Di Duga Cemari Lingkungan Perairan Belawan Dengan Minyak Sawit, Akitifis Ini Minta Tindak Tegas Perusahaan

Di Duga Cemari Lingkungan Perairan Belawan Dengan Minyak Sawit, Akitifis Ini Minta Tindak Tegas Perusahaan

Photo : Tumpahan Minyak CPO di Perairan Belawan

Medan - Degradasi kualitas perairan dapat disebabkan oleh berbagai hal salah satunya tumpahan minyak.

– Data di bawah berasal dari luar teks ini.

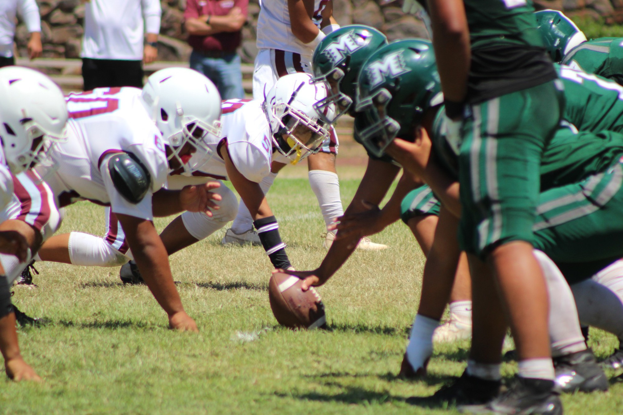 After more than 60 years, the Molokai High School (MHS) Farmers took the field in a home game for 11-man football. Under the mid-morning sky and supported by the MHS cheer team, parents and supporters, the Farmers competed against Baldwin High School in a much-anticipated home opener. Yielding 28 points in the first quarter, the Farmers never quite found their groove, finishing the game 63-0 in favor of Baldwin. Despite the loss, support continued to pour in for the Farmers. Having dominated the 8-man league since 2010, the Farmers have since stepped up to 11-man, competing against the best football schools in Maui County. They will take on Kamehameha Maui on Maui next week, before returning home to play King Kehaulike on Sept. 28.

Walaupun merupakan minyak nabati, tumpahan Crude Palm Oil (CPO) atau minyak mentah kelapa sawit pada beberapa kasus di Indonesia menimbulkan degradasi kualitas air laut yang cukup signifikan dan berdampak buruk terhadap biota laut.

Sebanyak 8 ton produk minyak kelapa sawit atau yang dikenal dengan crude palm oil (CPO) tumpah di perairan Belawan, Medan, membuat Rahmadsyah Aktifis yang tergabung dalam Lembaga Konservasi Lingkungan Hidup (LKLH) angkat bicara.

Rahmadsyah mengatakan Menurut informasi yang diterima, CPO ini tumpah pada Minggu (2/10/2022) yang lalu sekitar pukul 23.05 WIB di Dermaga 105 Pelabuhan Ujung Belawan. 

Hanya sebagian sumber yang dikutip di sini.